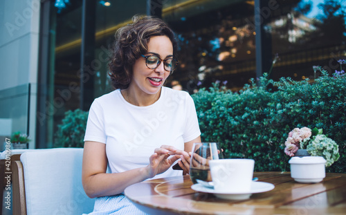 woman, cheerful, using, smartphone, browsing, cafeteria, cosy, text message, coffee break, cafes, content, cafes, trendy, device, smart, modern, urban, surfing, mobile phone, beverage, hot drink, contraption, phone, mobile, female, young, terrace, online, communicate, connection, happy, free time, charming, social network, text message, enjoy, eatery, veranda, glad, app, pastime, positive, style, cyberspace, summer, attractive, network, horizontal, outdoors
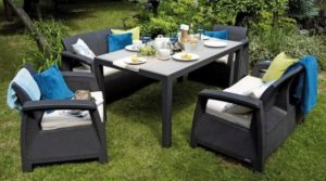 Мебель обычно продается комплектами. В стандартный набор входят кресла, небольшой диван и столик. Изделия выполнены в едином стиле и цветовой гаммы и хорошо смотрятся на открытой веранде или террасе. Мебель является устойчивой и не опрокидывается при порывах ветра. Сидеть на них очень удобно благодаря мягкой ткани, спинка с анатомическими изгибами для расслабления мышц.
...
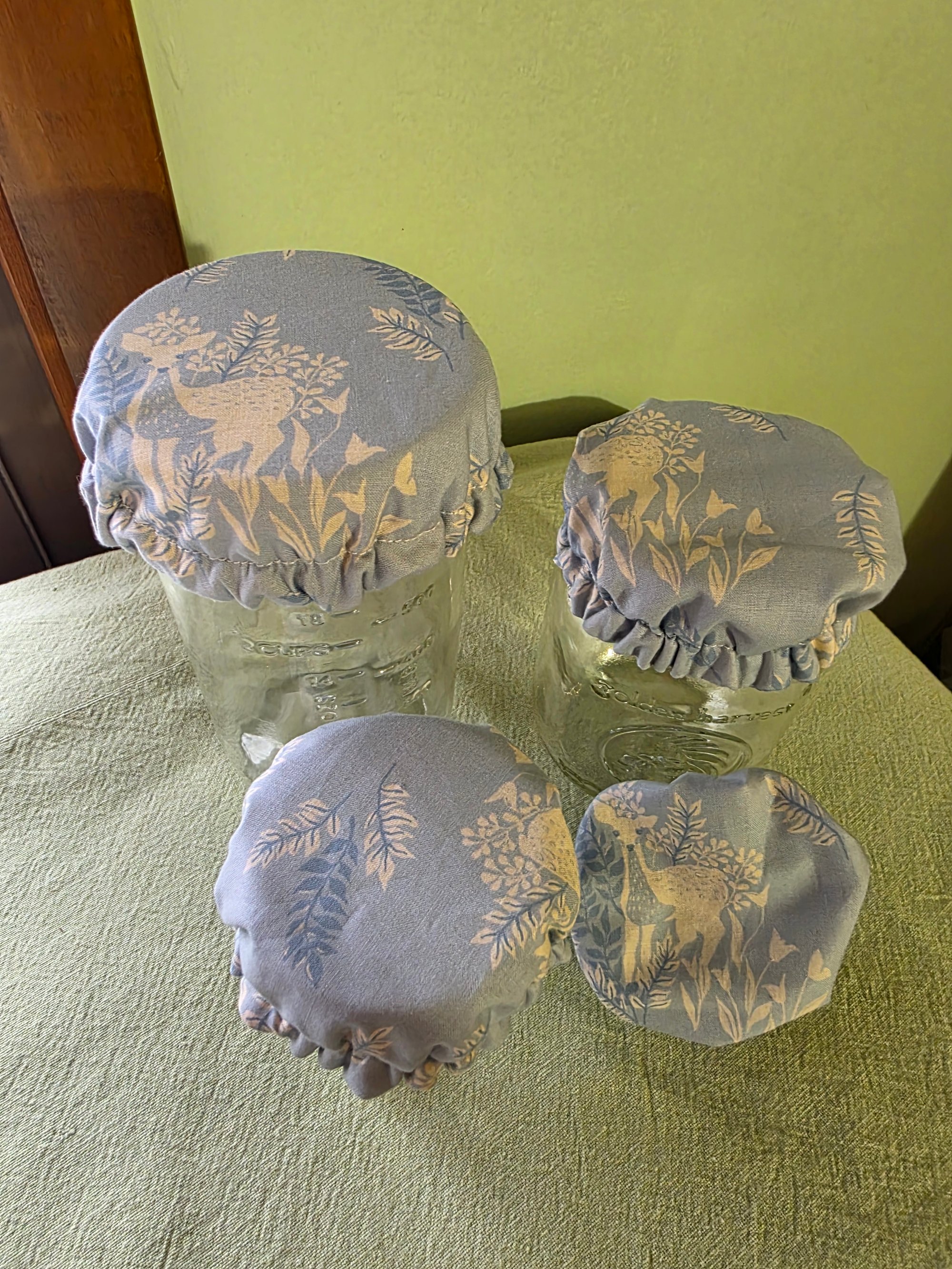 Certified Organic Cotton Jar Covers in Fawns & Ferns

▸ **Task instructions**: Find the line with "network, horizontal, outdoors" and the line with "Мебель обычно продается" in the records above. Copy both and all lines between them exactly, without pictures.

▸ **Finished exercise**:
 woman, cheerful, using, smartphone, browsing, cafeteria, cosy, text message, coffee break, cafes, content, cafes, trendy, device, smart, modern, urban, surfing, mobile phone, beverage, hot drink, contraption, phone, mobile, female, young, terrace, online, communicate, connection, happy, free time, charming, social network, text message, enjoy, eatery, veranda, glad, app, pastime, positive, style, cyberspace, summer, attractive, network, horizontal, outdoors
 Мебель обычно продается комплектами. В стандартный набор входят кресла, небольшой диван и столик. Изделия выполнены в едином стиле и цветовой гаммы и хорошо смотрятся на открытой веранде или террасе. Мебель является устойчивой и не опрокидывается при порывах ветра. Сидеть на них очень удобно благодаря мягкой ткани, спинка с анатомическими изгибами для расслабления мышц.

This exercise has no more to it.